Data Analytics and Visualization Vignettes

Data analytics and visualization play an integral role in the scientific process - allowing a way to see the unseen by creating images of experimental data or theoretical simulation results. The projects listed on this page represent recent or current collaborative efforts between the CRD Data Analytics and Visualization Group and others performing scientific research in both simulation/computational and experimental sciences.

Jump to year 2017, 2015, 2014, 2013, 2012. For previous research highlights, please visit the group’s archival visualization vignettes page.
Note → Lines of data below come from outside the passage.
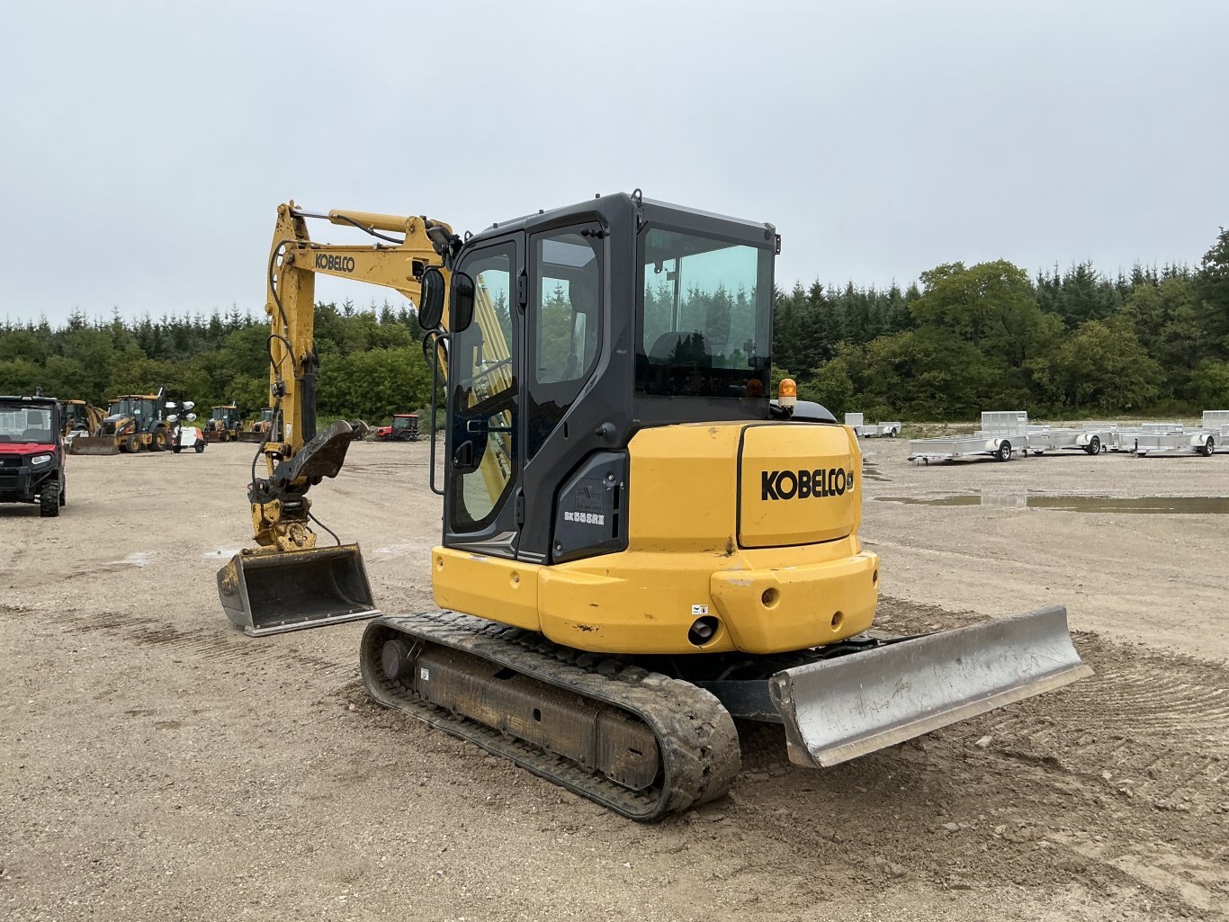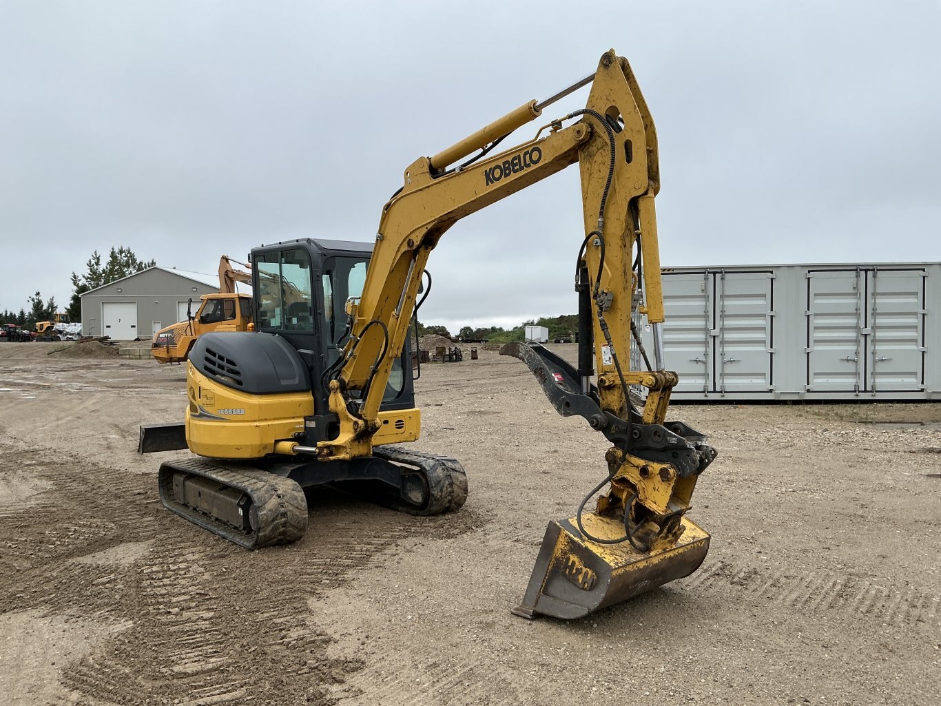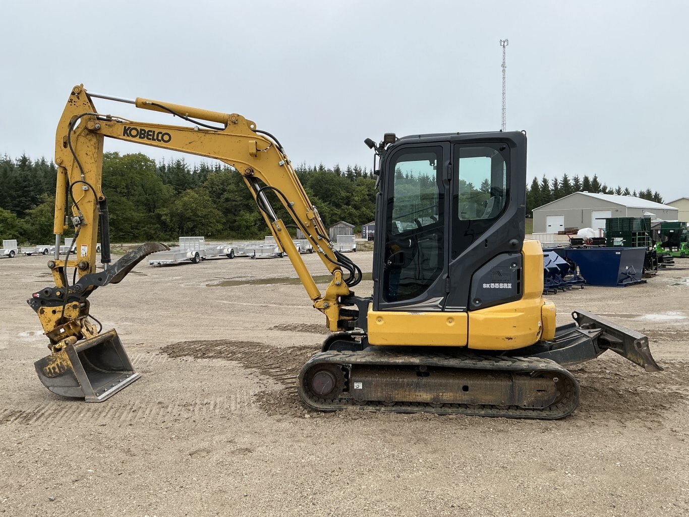2022 KOBELCO SK55SRX MINI EXCAVATOR. 37HP YANMAR DIESEL ENGINE. SHORT RADIUS TAIL SWING. ENCLOSED CAB. MACHINE HOURS 2276.9.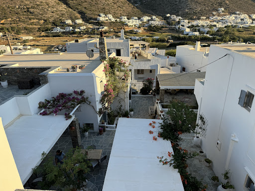 We stayed in this hotel for three nights in mid-September. The hotel is set on a hillside in a series of Cycladic cubes. It is some way from the ferry port and whilst free transfers are provided to and from the hotel they are forced to stop at a parking area that is a good 10 minute walk with luggage from the jetty - this because the port area becomes congested and traffic is prohibited. A walk from the hotel to the ferry jetty/bus station without luggage took us (and we are elderly) 20 minutes plus – it is uphill returning from the port. There is no airport on Sifnos. The hotel was always comfortable in terms of occupancy but we cannot even guess how many rooms there might be. Guests with a mobility problem would need to talk with the hotel and be very well aware of its location. The hotel fronts a small road overlooking a plain towards the mountains with views to the sea. The hotel has a small car parking area immediately in front but there are other car parking areas close by. There is a reception desk letting onto a small soft seating area and opening onto a series of semi-covered and open terraces. The hotel has a swimming pool on one of these terraces. The hotel also has a spa but we did not use this. We had booked a Junior Suite and this was well worth the extra charge. In addition to a generously sized bedroom there was a small separate seating area furnished with a sofa and table and a second TV. There was a fridge and tea and coffee making facilities. There was no safe. The bedroom itself had a work surface with an adjacent wardrobe but without shelving. Shelves were effected by cubbyholes in the concrete walls – this was fine, but at times impractical and possibly insufficient for a long stay. Everything was very comfortable with reasonable quality bed linen changed during our stay. The bathroom was a reasonable size albeit a difficult shape. Toiletries were excellent (Apivita!) and towels were soft and there were plenty of them! Housekeeping was fine. We had an oblique view of the sea from our balcony. During our stay it was both hot and very windy and some areas did suffer from blown dust and leaves. Wifi was fine. Aircon was in the seating area and not effective enough in the bedroom. We experienced no noise at all – not from outside or the room above. |Breakfast was not served till 08:30 (and often late) and was something of a disappointment. It was a buffet that afforded primarily a cold selection. The selection was not particularly wide for vegetarians. Tables for breakfast were set out on the terraces and there were no waiting on services whatsoever. Replenishment of coffee and any additional food items meant a walk back to the buffet up and down steps. There was an all-day bar but no evening restaurant. Hotel reception were very helpful in directing guests to various restaurants at varying distances from the hotel. Our first night – after a late arrival – was spent in the bar with sensibly priced wine and an enjoyable environment. The bar was exceptionally good value. The reception staff were very helpful and had good English. Housekeeping was excellent. We saw no evidence of large groups. For a port town this hotel stood out amongst all the others. There are plenty of rooms, but few actual hotels. We felt the location of the town afforded more benefits than looking at Apollonia the island capital. There are plenty of restaurants, there are plenty of bars, but just...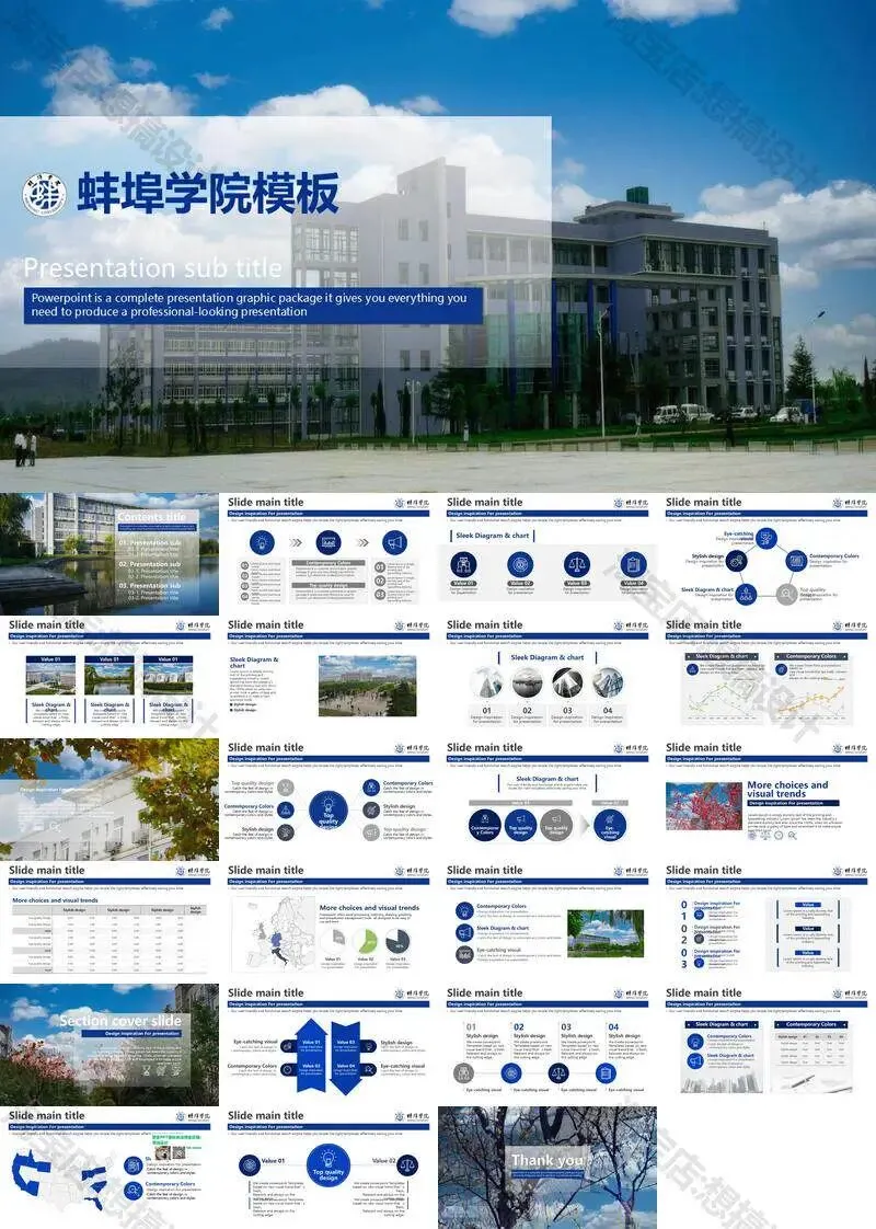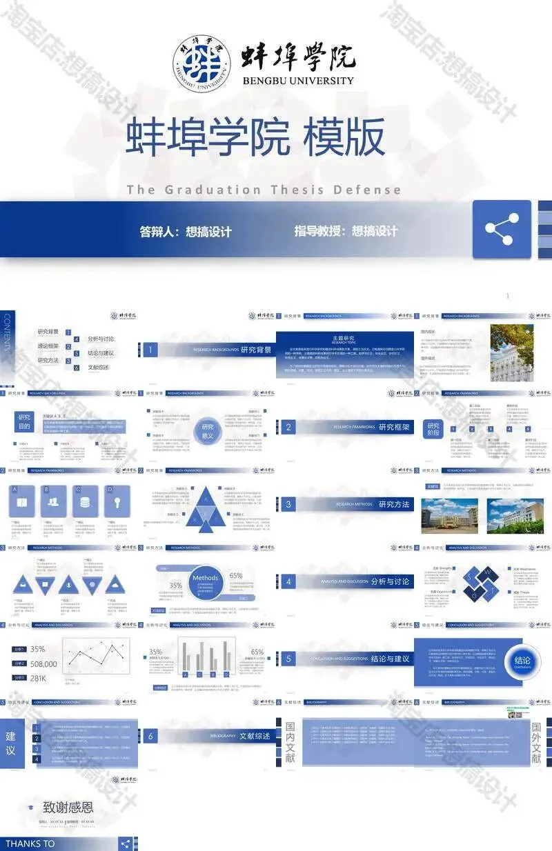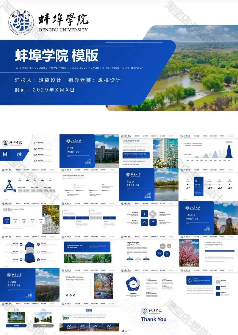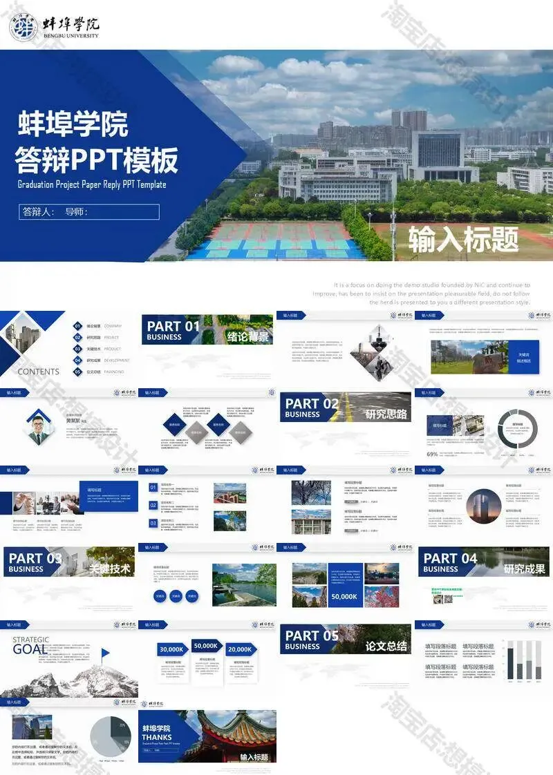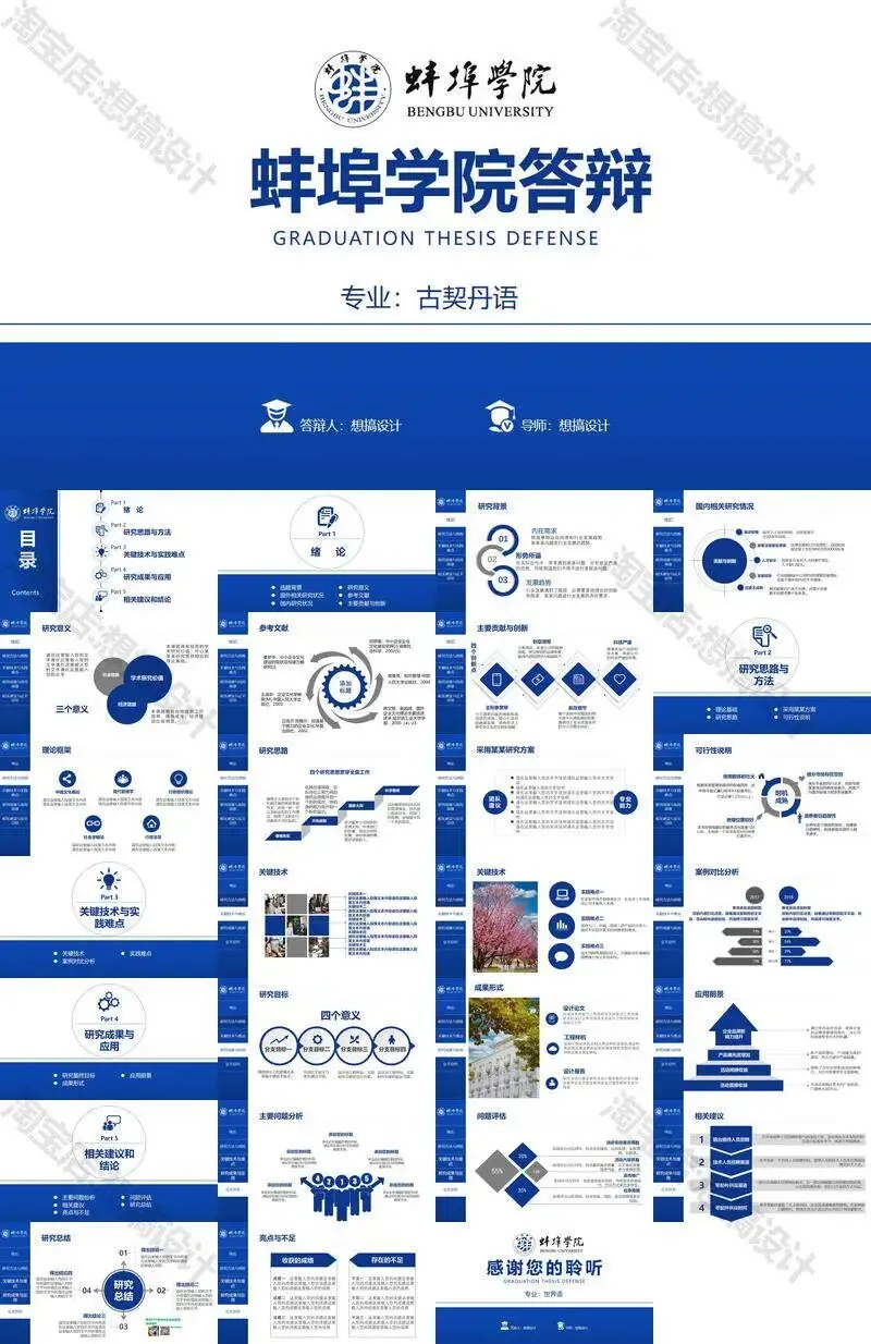 蚌埠学院毕业答辩PPT模板汇报幻灯片课件总结大学生作品集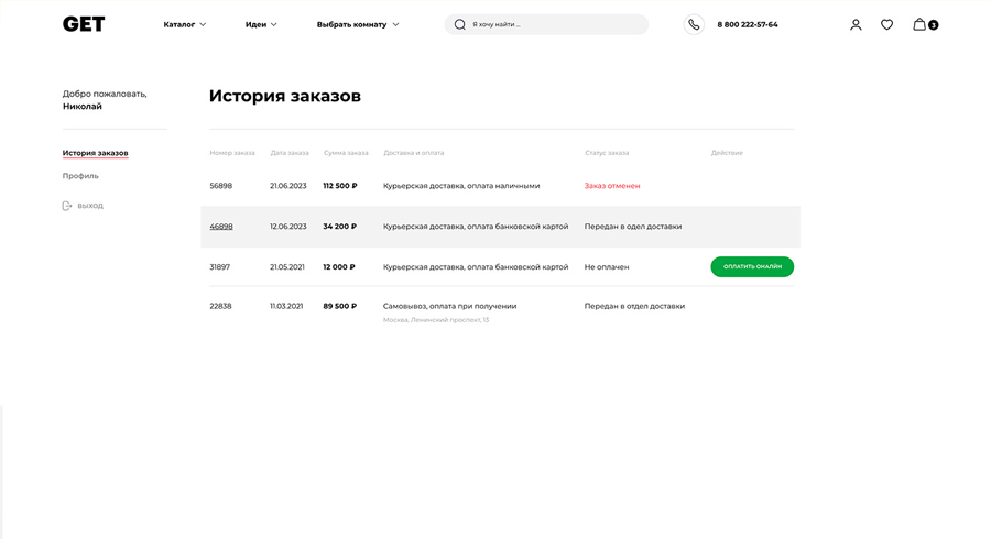 Личный кабинет пользователя построен по механизму, когда он дополняет сервисные функции. В нем можно посмотреть историю заказов, оплатить покупки, узнать состояние заказа.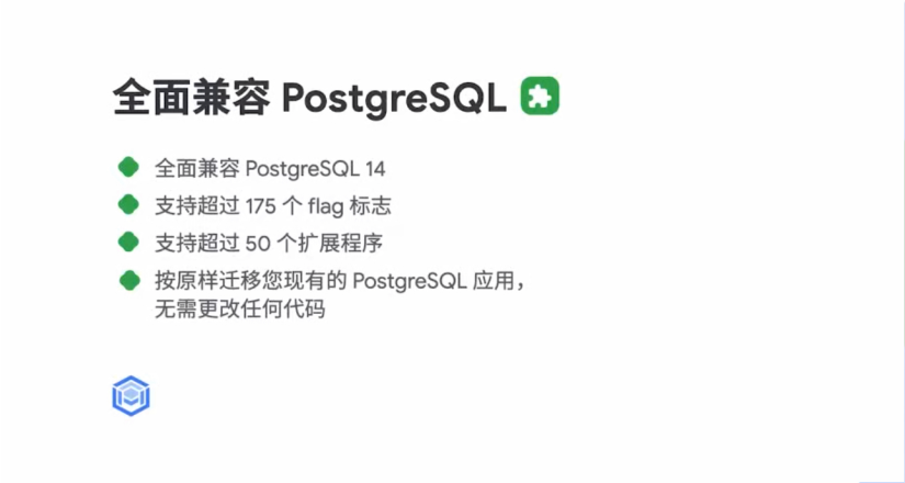 全面兼容 PostgreSQL:AlloyDB 与 PostgreSQL 全面兼容,支持超过 175 个 flag 标志和超过 50 个扩展程序。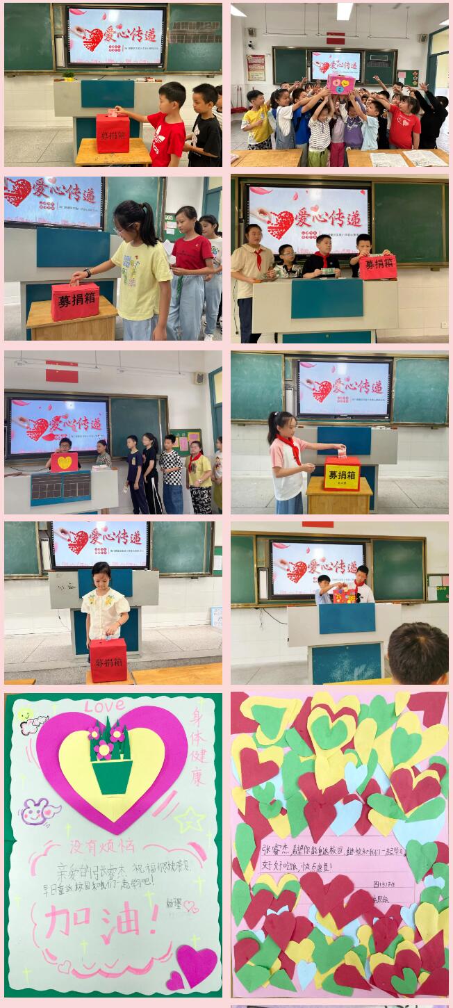 同窗之谊,默默祝福。捐款倡议发出后,爱心涌动,善良的容贝学子将自己平时攒的零花钱、压岁钱都拿出来捐给了张同学。四(5)班学生还制作了爱心小卡片,录制了温心的视频,鼓励张同学战胜病魔,重返校园。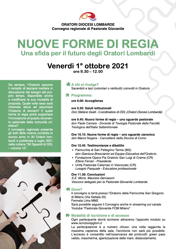 Quali modalità possiamo mettere in campo per incontrare realmente i destinatari e i contesti sociali per e dentro i quali l’Oratorio opera? Quale “governo” per ancora ben supportare questo “servizio” che la Chiesa fa e continuerà a fare a tutta la comunità, cristiana e non? A quale “modello di Chiesa” ispirarsi se occorre coinvolgere le dinamiche familiari dentro un progetto educativo fatto di alleanze? Queste sono solo alcune delle questioni che da tempo sono sul piatto di chi ha a che fare con l’Oratorio e la ricerca “Nuove forme di regia” esplora diversi scenari possibili in vista del futuro. Venerdì 1° ottobre, presso l’Oratorio della Parrocchia San Gregorio di Milano, si terrà il convegno di presentazione del dodicesimo volume de “Gli sguardi di ODL” con diversi interventi di approfondimento e testimonianze legate ai vissuti degli oratori.
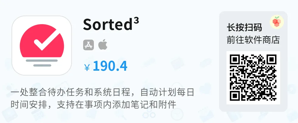 快来试试 Sorted³ 吧!它是一款专为苹果用户打造的日程待办任务管理应用,能自动计划全天时间安排,只需一个应用就能高效管理你的一天。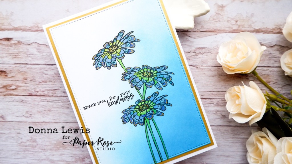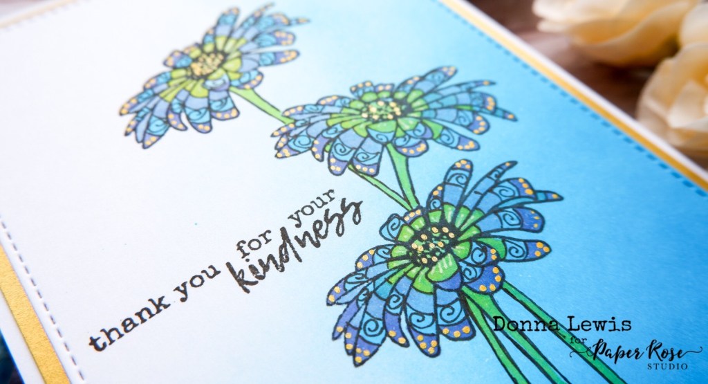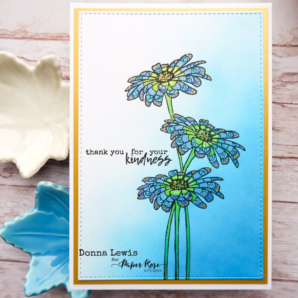 To create the background, I ink blended. I used a card front panel from Paper Rose Studio and Island Blue ink from Simon Says Stamp. I blended darkest in the lower right corner and let the ink fade out towards the top of the panel. I then stamped the daisy image three times, and filled in the stems with my pen, before making some extra lines on each petal. I divided each petal into several sections with some curved lines, and added some spirals.

Nested Tracking Graphs Show Relationship of Features in Simulations Over Time

New technique makes it easier to see how features in simulations are related and how they evolve. (More information)

Web-based Visual Exploration Improves Radiological Source Detection

We developed a web-based system that integrates data management and visual analysis to facilitate access to large amounts of observational data, supporting algorithm development for finding radiological material. (More information)

NWB:N – Beta of Neurodata Without Borders 2.0 Format and Software Released

Neurodata Without Borders: Neurophysiology (NWB:N) is a project to develop a unified data format for cellular-based neurophysiology data. The NWB:N team consists of neuroscientists and software developers who recognize that adoption of a unified data format is an important step toward breaking down the barriers to data sharing in neuroscience. Neuroscientists can now explore a beta version of the new Neurodata Without Borders: Neurophysiology (NWB:N 2.0) software and format.

The 2.0 software version was developed by Lawrence Berkeley National Laboratory’s Oliver Ruebel and Andrew Tritt, in close collaboration with Kristofer Bouchard (Berkeley Lab), Loren Frank (UCSF), Eddie Chang (UCSF), and the broader Neurodata Without Borders (NWB) community. The beta update was released in November 2017 in conjunction with the 2017 Society for Neuroscience meeting in Washington D.C. last month.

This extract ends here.